Er zijn geen minder bezwarende alternatieven die hetzelfde beoogde effect hebben. De voorgestelde verplichte zorg is evenredig en naar verwachting effectief. Uit de stukken blijkt dat bij het bepalen van de juiste zorg rekening is gehouden met de voorwaarden die noodzakelijk zijn om deelname van betrokkene aan het maatschappelijk leven te bevorderen, alsmede met de veiligheid van betrokkene.
2.2.4.
Gelet op het voorgaande is voldaan aan de criteria voor en doelen van verplichte zorg als bedoeld in de Wvggz.
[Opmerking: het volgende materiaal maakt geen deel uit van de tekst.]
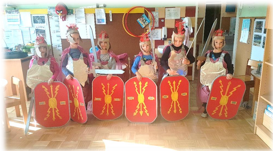
»Otroci so se oblekli v rimske vojake«

Otroci in starši so se dne 8.11.2018 ob 16.00 zbrali na dvorišču našega vrtca.
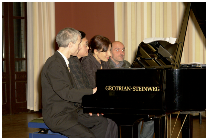
17. Tonkünstlerfest 2008: Abschlusskonzert
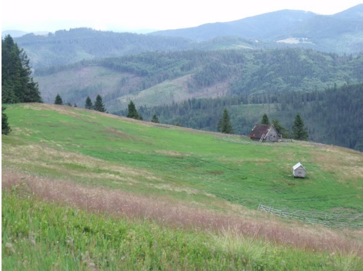
Fot. 38. Hala na Raczy

W połowie XVI wieku na hali wypasali swoje stada pierwsi wołoscy pasterze. Wkrótce potem między pasterzami z posiadłości ziemskich Budatina i Streczna (Budatinske a Strcnanške panstvo) dochodziło do krwawych walk o tereny pasterskie. W XVII i XIX wieku w lasach Wielkiej Raczy i w okolicach ukrywali się zbójnicy, na których urządzano obławy z udziałem miejscowej ludności okradanej przez zbójników.
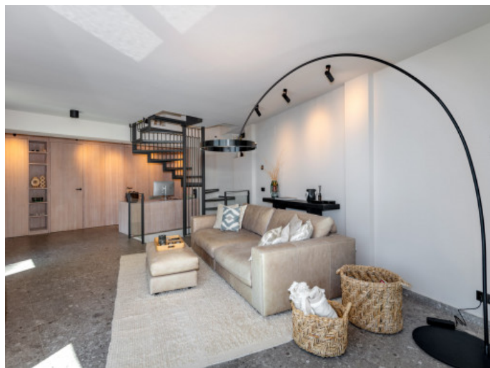
Salón abierto en planta baja
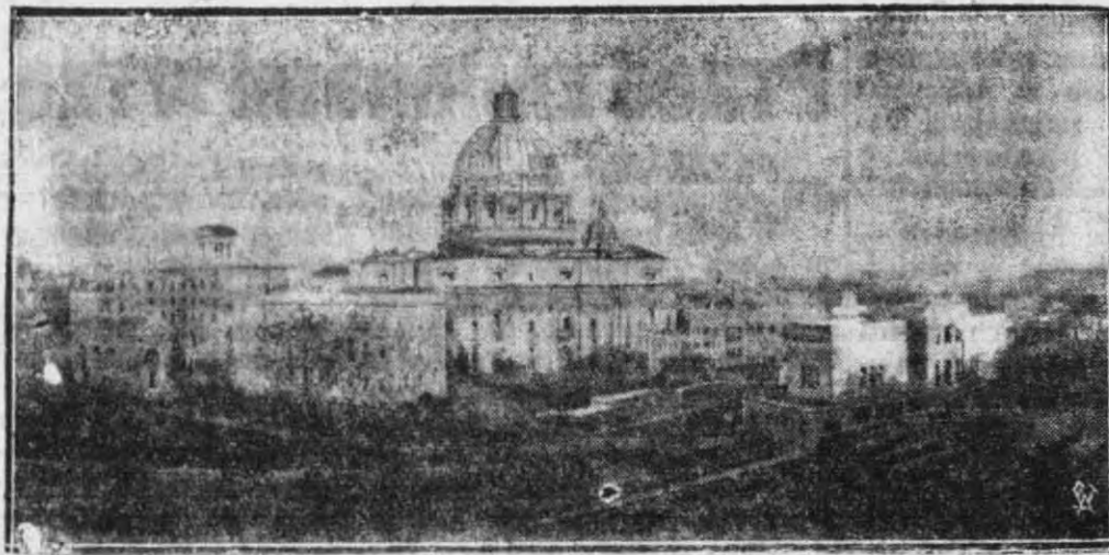
Na zdjęciu naszym widzimy panoramę stolicy Apostolskiej Citta del Vaticano ze wspaniałymi ogrodami Watykańskimi i Katedrą św. Piotra na pierwszym planie.
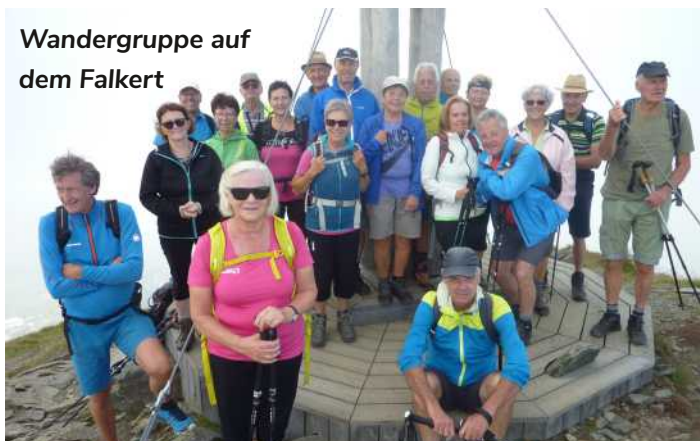
Wandergroupe auf dem Falkert

An der diesjährigen Wanderwoche in Bad Kleinkirchheim nahmen 47 Wanderer teil. Das Hotel Kärntnerhof war für unsere Reisegruppe gebucht. Die Anreise erfolgte über das Maltatal, wo die Kölnbrein Staumauer besichtigt und Mittageseinkehr gemacht wurde. Die vielfältigen Wandermöglichkeiten Bad Kleinkirchheims – Falkert und Falkertsee, Nockberge von St. Oswald aus, Kaiserburg vormittags und Schifffahrt auf dem Millstätter See nachmittags, Wanderungen von der Nockalmstraße ausgehend und im Bereich der Turracher Höhe – waren das Wochenprogramm.

De zorgmachtiging zal worden verleend voor de verzochte duur van zes maanden.

3..Beslissing

De rechtbank:
3.1.
verleent een zorgmachtiging ten aanzien van [naam betrokkene] voornoemd;
3.2.
bepaalt dat bij wijze van verplichte zorg de maatregelen zoals opgenomen in rechtsoverweging 2.2.2. kunnen worden getroffen;
3.3.
bepaalt dat deze machtiging geldt tot en met 25 november 2020.
Deze beschikking is op 25 mei 2020 mondeling gegeven door mr. M.L.H. Gelauff, rechter, in tegenwoordigheid van C.D. van der Veeke, griffier, en op 28 mei 2020 schriftelijk uitgewerkt en getekend.
Tegen deze beschikking staat het rechtsmiddel van cassatie open.